» **WORK TO BE COMPLETED**: Once you reach the line that holds "當(dāng)記者看到四只幼" in the listing below, output it and every line after it through the line that holds "헌데 2012년 보리수매제가", word for word.

» **THE DATA**:
====

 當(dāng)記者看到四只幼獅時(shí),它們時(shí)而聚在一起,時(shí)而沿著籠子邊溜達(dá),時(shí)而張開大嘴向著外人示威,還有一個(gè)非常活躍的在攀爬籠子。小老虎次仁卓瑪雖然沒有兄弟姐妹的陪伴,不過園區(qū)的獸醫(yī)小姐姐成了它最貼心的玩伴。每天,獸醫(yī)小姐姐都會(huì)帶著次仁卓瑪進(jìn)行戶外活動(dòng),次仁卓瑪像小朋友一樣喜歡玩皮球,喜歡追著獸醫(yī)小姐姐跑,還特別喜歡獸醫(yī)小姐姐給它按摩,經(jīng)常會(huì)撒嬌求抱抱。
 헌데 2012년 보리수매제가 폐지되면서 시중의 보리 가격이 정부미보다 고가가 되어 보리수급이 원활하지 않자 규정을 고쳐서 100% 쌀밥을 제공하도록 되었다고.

====

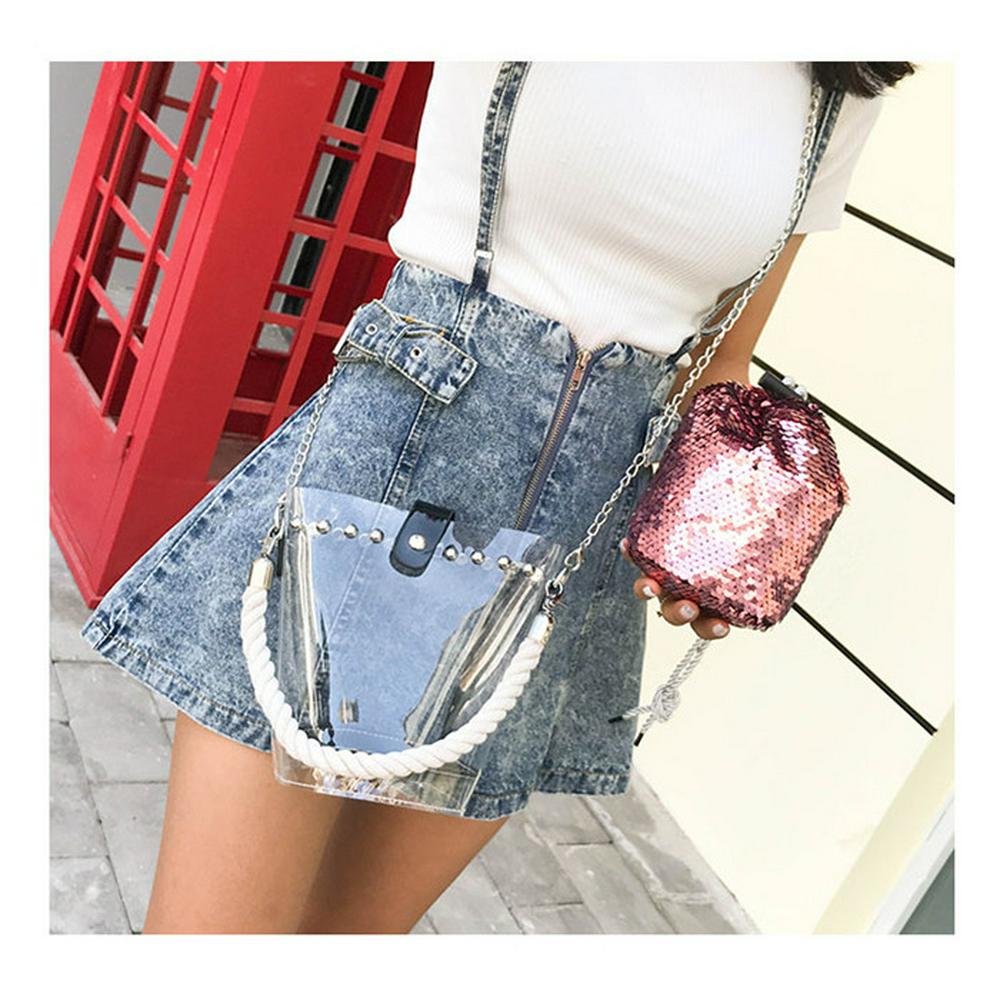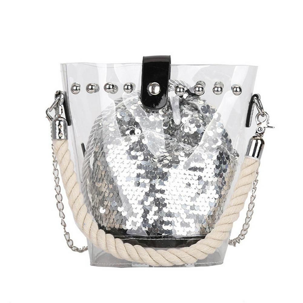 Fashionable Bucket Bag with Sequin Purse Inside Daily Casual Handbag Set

====

» **ANSWER TO THE EXERCISE**:
 當(dāng)記者看到四只幼獅時(shí),它們時(shí)而聚在一起,時(shí)而沿著籠子邊溜達(dá),時(shí)而張開大嘴向著外人示威,還有一個(gè)非常活躍的在攀爬籠子。小老虎次仁卓瑪雖然沒有兄弟姐妹的陪伴,不過園區(qū)的獸醫(yī)小姐姐成了它最貼心的玩伴。每天,獸醫(yī)小姐姐都會(huì)帶著次仁卓瑪進(jìn)行戶外活動(dòng),次仁卓瑪像小朋友一樣喜歡玩皮球,喜歡追著獸醫(yī)小姐姐跑,還特別喜歡獸醫(yī)小姐姐給它按摩,經(jīng)常會(huì)撒嬌求抱抱。
 헌데 2012년 보리수매제가 폐지되면서 시중의 보리 가격이 정부미보다 고가가 되어 보리수급이 원활하지 않자 규정을 고쳐서 100% 쌀밥을 제공하도록 되었다고.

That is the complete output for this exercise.